1873 te kapitalizmin ekonomik krizi ile tanışan dünya, o günden bu güne 14 büyük ekonomik krize tanık oldu. Bu krizlerin ikisi, iki dünya savaşının ön koşullarını besleyen krizlerdir. Kapitalizm krizden çıkış yolunu, yıkım ve inşa süreçleri ile ilerletmiş ve kendisini daha üst düzeyde yeniden üretebilmek için bölgesel ve küresel savaşları örgütlemiş, on milyonların kanları üzerinden daha da palazlanarak merkezileşmiş ve küreselleşmiştir.

Üretim araçlarının özel mülkiyeti ile ütetimin toplumsal karakteri arasındaki çelişki var olduğu sürece kapitalizmin ekonomik kriz serüveni devam edecektir. Sanayide üretimin makineleşmesi, serileşmesi ve otomasyonu aşamalarının her biri derin krizler ve alt üst oluşlarla iç içe ilerlediği gibi, dördüncü aşama olan, nesnelerin, hizmetlerin interneti ve siber-fiziksel sistemlere geçiş sürecide, özcesi endüstri 4.0 denen aşamaya geçiş sürecide derin krizler ve alt üst oluşlarla mümkün hale gekecektir. Zira kapitalizmin serüveninde her köklü teknolojik dönüşüm evreleri krizlerle iç içe ilerlemiştir. Günümüzde de buna tanık olmaktayız.

2021 de küresel ölçekte ekonomik küçülme 4.9 iken, bu küçülmenin 2022 de ise 6,2 olacağı tahmin edilmektedir. Gerek Dünya Bankasının, gerekse IMF’nin 2022 beklentileri karamsar tabloyu gözler önüne sermektedir.

2008 de ABD’deki Mortgage sisteminin çökmesi ile resesyona giren ABD ekonomisi zincirleme çok uluslu mali krize dönüşmüştü. Bu kriz kapitalizmin bütün makyajlamalarına rağmen derinleşerek devam etti. Korona salgını ile ortaya çıkan resesyon ve küçülme ile iç içe geçen 2008 krizinin etkileri, 2021 ile birlikte küresel ekonomik krizi enerji krizi ile birlikte zirveye çıkarmıştır. 1973 petrol krizi ile başlayan sürecin bir benzeri olan enerji krizi ile birleşen ekonomik kriz giderek büyük buhrana dönüşmenin emarelerini göstermektedir.

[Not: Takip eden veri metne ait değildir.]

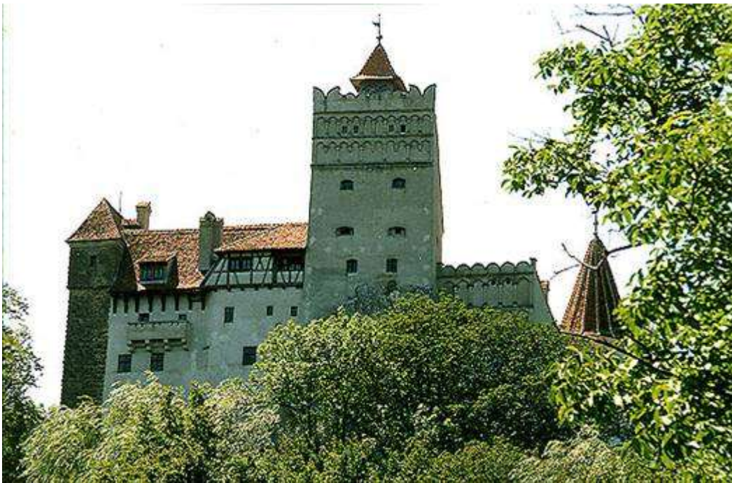
El Castillo de Bran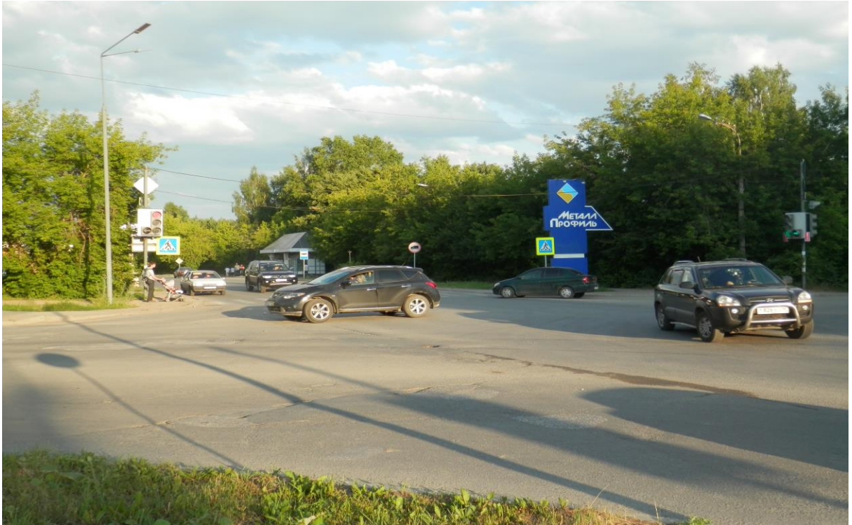
Перекресток Уральских рабочих – Ленина – Сварщиков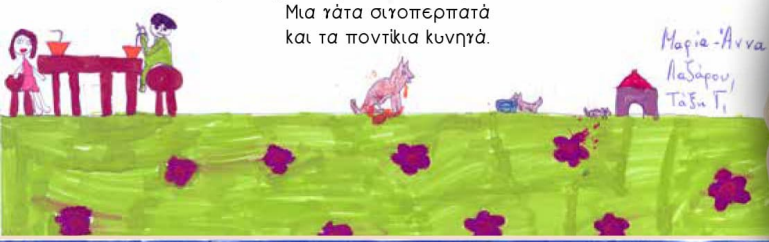
Μαρίε Άννα Παζάρου, Τάξη Γ'

Ο κήπος είναι όμορφος με τα μυρωδάτα πουλούδια και τις μελίσσες. Τις πολύχρωμες πεταλούδες που πετούν. Μια γάτα σιγοπερπατά και τα ποντίκια κυνηγά.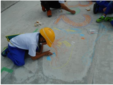
3年生 バイパス工事見学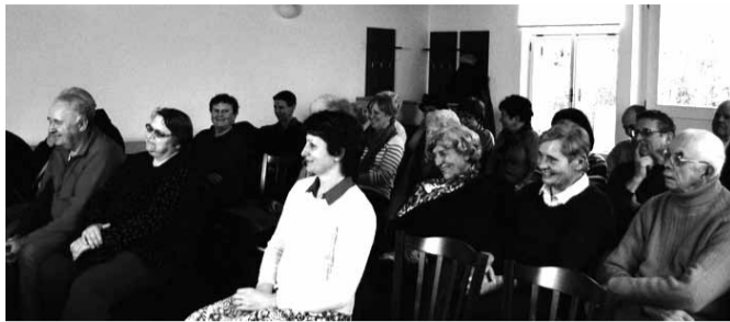
A posluchači se bavili, žasli a vzpomínali.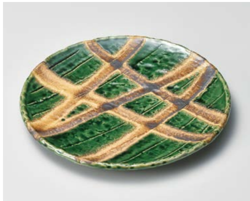
イ172-047 織部乱線8.0皿 φ25×2.7cm (20入・磁)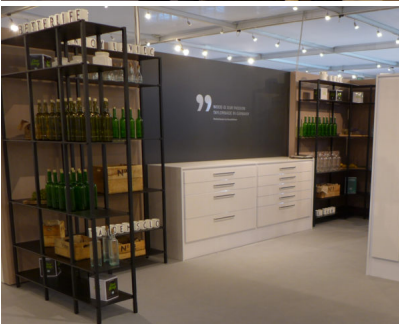
Bildtext 5: Unter dem Motto „Wood is our passion – tailor-made in Germany“ gab Kesseböhmer zur Sicam im Oktober 2017 einen Ausblick, mit welchem Anspruch die Unternehmensgruppe das Holzwerk Rockenhausen zukünftig weiterentwickeln will.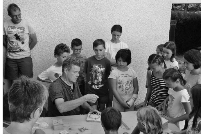
Ein Renner ist neben dem klassischen Ferienprogramm der Gemeinde und der Vereine, bei denen es wieder unter 71 Angeboten auszuwählen gilt, auch die Schülersommerferienbetreuung an der Atriumhalle. Von rund 60 Familien und bis zu Kindern wird dieses Angebot der Gemeinde in Anspruch genommen.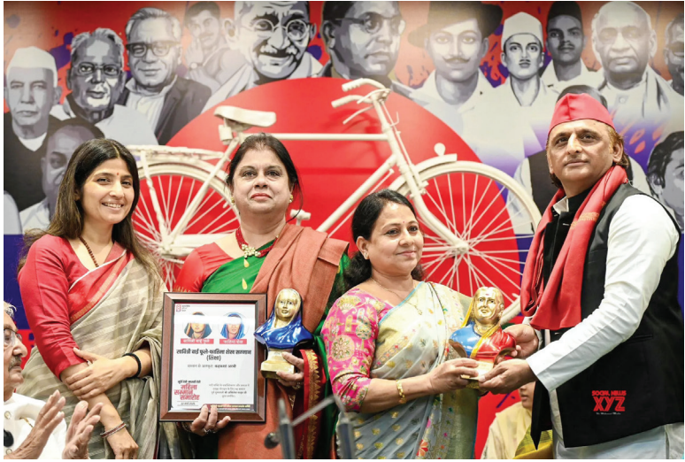
अखिलेश यादव जानते हैं कि महिला वोट कितने निर्णायक हैं, इसीलिए उन्होंने महिला वर्ग के बीच इन्फ्लुएंसर/लीडर स्थापित करना शुरू किया है

29 मार्च को गौतमबुद्धनगर के दादरी में हुई समाजवादी समानता भाईचारा रैली से यूपी चुनाव अभियान की शुरुआत करते हुए भी अखिलेश ने कहा कि 'पीड़ा ही वह धागा है, जो पीडीए के लोगों को एक सूत्र में बांधता है। एक तरफ अहंकारी लोग हैं, जो उपेक्षा और उत्पीड़न करते हैं और दूसरी ओर उत्पीड़ित और उपेक्षित लोग हैं। ऐसे कमजोर और गरीब लोग हर जात-धर्म में होते हैं। जिसने अत्याचार, भेदभाव और उत्पीड़न की पीड़ा नहीं झेली है, वे हमदर्दी तो दिखा सकते हैं लेकिन उस दर्द को महसूस नहीं कर सकते, जो हमारे घर को गंगाजल से धुलवाने पर हमको हुआ था, या मंदिर धुलवाने पर जो हमने महसूस किया था।' ध्यान रहे कि 2017 विधानसभा चुनावों में सपा की हार के बाद मुख्यमंत्री आवास में योगी आदित्यनाथ के प्रवेश से पहले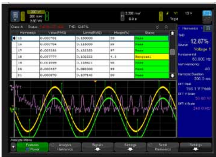
Рис. 2. Содержание гармоник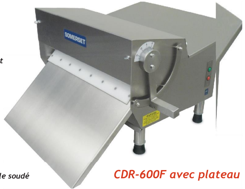
CDR-600F avec plateau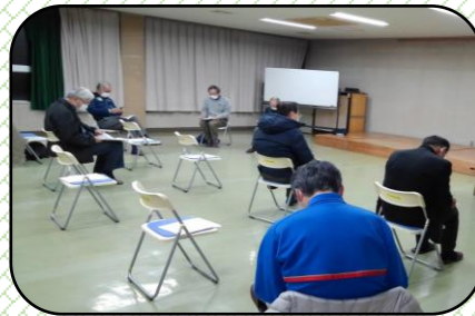
3月3日、社協常任理事会で検討

平田地区に押し寄せる新しい動きに対して、従来の組織をより活動しやすくするために、数度の検討会を開催しました。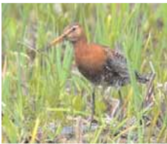
Isländsk rödspov, Angarn.

Kommentar: Det finns tidigare blott fyra godkända fynd av mindre bergand i Sverige även om observationerna varit något fler. I ett par fall har det varit uppenbart att det rört sig om samma individ som flyttat på sig, t ex i Ostergötland. Idag är det drygt 60 procent av klubbens medlemmar som har arten på sina listor.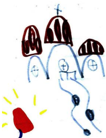
Νίκος, 6,5 ετών

Συνήθως το Πάσχα βάφουμε τα αυγά κόκκινα, πάμε στην εκκλησία. Τσουγκρίζουμε τα αυγά το Πάσχα και ανάβουμε τη λαμπάδα.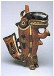
Figura zoomorfa. Orca mítica.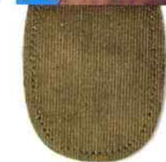
C Mesure réelle 110 x 165 mm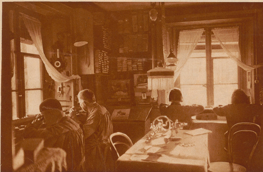
Die Kleinmeister des Berner Jura richten ihre Werkstätten häufig in ihren Wohnstuben ein. Dieser Meister bildet mit seinen zwei Töchtern und einem Sohn eine Arbeitsgemeinschaft. Das Familienoberhaupt belohnt die volljährigen Kinder wie fremde Arbeiter. Solch kleine Familienbetriebe auf dem Lande können sich noch am ehesten über Wasser halten

Wenn von «Uhrenindustrie» die Rede ist, dann stellen wir uns meistens Fabrikbetriebe vor, worin vor der Krisenzeit Arbeiter in großer Zahl Beschäftigung fanden. Nun sind aber von den im Jahre 1929 gezählten 2416 Unternehmungen der schweizerischen Uhrenindustrie ganze 1300 Kleinmeister- oder Heimbetriebe, die höchstens 15 bis 20 Arbeiter beschäftigen und deren Inhaber neben ihren Arbeitern am Arbeitstisch sitzen und selbst mit Hand anlegen. Diese Kleinmeister besonders bekommen die Krise zu spüren, denn einerseits wurde ihnen durch die notwendig gewordene Einschränkung der Schablonausfuhr die Arbeit gestoppt, andererseits aber erhalten sie als Arbeitgeber keine Arbeitslosenunterstützung. So sahen sich viele genötigt, ihren Beruf aufzugeben und sich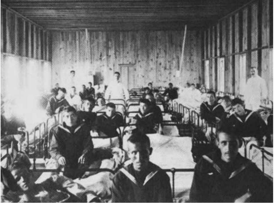
Fotografía de la colección del autor que muestra la enfermería del Camp Long.

En el City of Rome embarcaron dos generales, ocho jefes, 70 oficiales y guardias marinas, 1.574 clases y marinería, dos oficiales del Ejército de Tierra y 21 soldados. El día 12 Cervera comunica al ministro su salida desde Portsmouth, donde habían recalado para recoger a todos los prisioneros, y pide que se pasaporte a los jefes y oficiales para sus casas: «Salimos. — Probable llegada [el] 21—. Suplico instrucciones para que Comandante Marina pasaporte Jefes [y] Oficiales para sus casas, excepto los que, nombrados por mí, llevan inmediato cargo expedición» (6).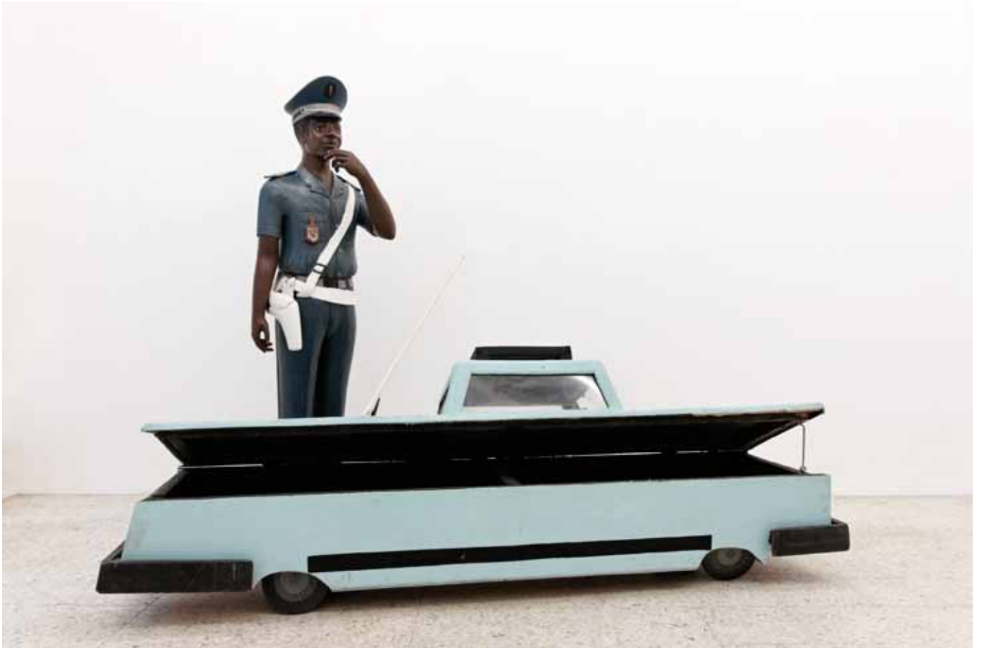
Présence Panchounette, Traffic , 1985. Wooden Coffin (made by Kane KWEI), Policeman wooden statue (made by DAMAS) and wooden elephants models, 57 x 205,5 x 52,5 cm (Coffin) + 168 x 53 x 48 cm (Policeman statue).

Dünya Bankası Kalkınma Beklentileri Grup Direktörü Ayhan Köse ve Kıdemli Ekonomist Naotaka Sugawara yaptıkları analizde “Birçok ülkede kişi başı GSYH’nin 1870’ten bu yana en büyük düşüşünü kaydedebileceğini” belirtmektedirler. IMF’ye göre ise “Büyük buhran’dan bu yana görülen en ciddi ekonomik ve finansal çöküş” yaşanmakta. IMF ayrıca “Benzeri olmayan kriz” uyarısı yapmakta. Bütün bu analizler 2008 Mortgage krizi ile başlayan sürecin ağırlaşarak devam ettiğini, korona salgını ve enerji krizi ile birleşerek, bir kartopu gibi yuvarlandıkça büyüyen ve giderek çığa dönüşen bir aşamanın ön günlerinde olduğumuza işaret etmektedir. Arz talep dengesizliği, tedarik zincirlerindeki kırılma, karşılıksız basılan milyar dolar’larla likidite krizini çözme hamleleri, krizi dahada derinleştirmekte ve çözümsüzlüğün çözümü olarak çatışmalı süreçleri öne itmektedir. 2022’de ağırlaşan ekonomik krizin alım gücünü daha da  düşürdüğü, işsizliğin, yoksulluğun ve iflasların arttığı bir yıl olacağını şimdiden ön görmek kahinlik olmasa gerek. Kapitalizmin yapısal krizinin yükünü dün olduğu gibi bugünde, emekçi yığınlara fatura edeceği, açıktır. Dincilik ve milliyetçilik histerilerini şaha kaldırarak yoksul emekçi yığınları savaş cephelerine sürmesi kaçınılmazdır. Önümüzdeki süreç tiranlığın arttığı, baskıcı, zorba, totaliter yönetimlerin iş başına getirildiği bir sürece gebedir. Bunu tersine çevirecek, siyasi ön görüden ve örgütlülükten uzak olan emekçi yığınlar kapitalizmin dümen suyunda hizalanıp, kardeşlerini boğazlayıp, öğütülmeye mahkum bir karakterdedirler. Kapitalizm kendini daha üst düzeyde üretmek ve teknolojik dönüşümünü sağlayarak bu krizden çıkmak adına her yönlü örgütlülüğe ve kapasiteye sahip iken, emekçi yığınlar böyle bir örgütlülükten ve kapasiteden uzaktır. Bu krizin ağırlığı altında öğütülerek uysal köle olma yönünde ilerlemek gibi bir eğilime hayli istekli oldukları konjonktürel gerçekliktir. 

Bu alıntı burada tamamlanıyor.